PENGERTIAN
PERIKATAN
Asal kata perikatan dari obligatio (latin), obligation
(Perancis, Inggris) Verbintenis (Belanda
= ikatan atau hubungan). Selanjutnya Verbintenis mengandung banyak pengertian,
di antaranya:
Perikatan adalah hubungan hukum yang terjadi di antara
dua orang (pihak) atau lebih, yakni pihak yang satu berhak atas prestasi dan
pihak lainnya wajib memenuhi prestasi, begitu juga sebaliknya.
Perjanjian adalah peristiwa di mana pihak yang satu
berjanji kepada pihak yang lain untuk melaksanakan suatu hal. Dari perjanjian
ini maka timbullah suatu peristiwa berupa hubungan hukum antara kedua belah
pihak.
Intinya, hubungan perikatan dengan perjanjian adalah
perjanjian yang menimbulkan perikatan. Perjanjian merupakan salah satu sumber
yang paling banyak menimbulkan perikatan, karena hukum perjanjian menganut
sistim terbuka. Oleh karena itu, setiap anggota masyarakat bebas untuk
mengadakan perjanjian.
DASAR
HUKUM PERIKATAN
Dasar hukum perikatan berdasarkan KUHP perdata terdapat
tiga sumber adalah sebagai berikut:
·
Perikatan yang timbul dari persetujuan
(perjanjian).
·
Perikatan yang timbul undang-undang.
Perikatan yang berasal dari undang-undang dibagi lagi
menjadi undang-undang saja dan undang-undang dan perbuatan manusia. Hal ini
tergambar dalam Pasal 1352 KUH Perdata
·
Perikatan terjadi bukan perjanjian, tetapi
terjadi karena perbuatan melanggar hukum (onrechtmatige daad) dan perwakilan
sukarela ( zaakwarneming).
AZAZ-AZAZ
DALAM HUKUM PERIKATAN
Azas-azas hukum perikatan diatur dalam Buku III KUH
Perdata, yakni :
·
Azas Kebebasan Berkontrak
Dalam Pasal 1338 KUH Perdata yang menyebutkan bahwa
segala sesuatu perjanjian yang dibuat adalah sah bagi para pihak yang
membuatnya dan berlaku sebagai undang-undang bagi mereka yang membuatnya.
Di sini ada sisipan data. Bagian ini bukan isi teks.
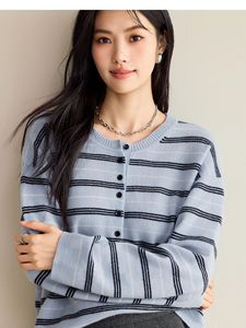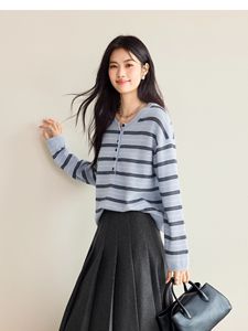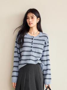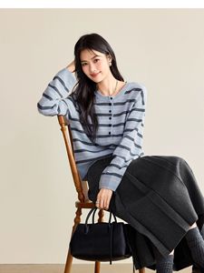 伊*L女装2025秋新品圆领条纹羊毛套头休闲针织衫女1G9932581

Dengan demikian, cara ini dikatakan ‘sistem terbuka’,
artinya bahwa dalam membuat perjanjian ini para pihak diperkenankan untuk
menentukan isi dari perjanjiannya dan sebagai undang-undang bagi mereka
sendiri, dengan pembatasan perjanjian yang dibuat tidak boleh bertentangan
dengan ketentuan undang-undang, ketertiban umum, dan norma kesusilaan.
·
Azas Konsensualisme
Azas ini berarti, bahwa perjanjian itu lahir pada saat
tercapainya kata sepakat antara pihak mengenai hal-hal yang pokok dan tidak
memerlukan sesuatu formalitas.
Dalam Pasal 1320 KUH Perdata, untuk sahnya suatu
perjanjian diperlukan empat syarat adalah kata sepakat antara para pihak yang
mengikatkan diri, yaitu :
1. Kata
sepakat antara para pihak yang mengikatkan diri.
2. Cakap
untuk membuat suatu perjanjian.
3. Mengenai
suatu hal tertentu.
4. Suatu
sebab yang halal.
WANPRESTASI
DAN AKIBAT – AKIBATNYA
Wansprestasi timbul apabila salah satu pihak (debitur)
tidak melakukan apa yang diperjanjikan, misalnya ia (alpa) atau ingkar janji.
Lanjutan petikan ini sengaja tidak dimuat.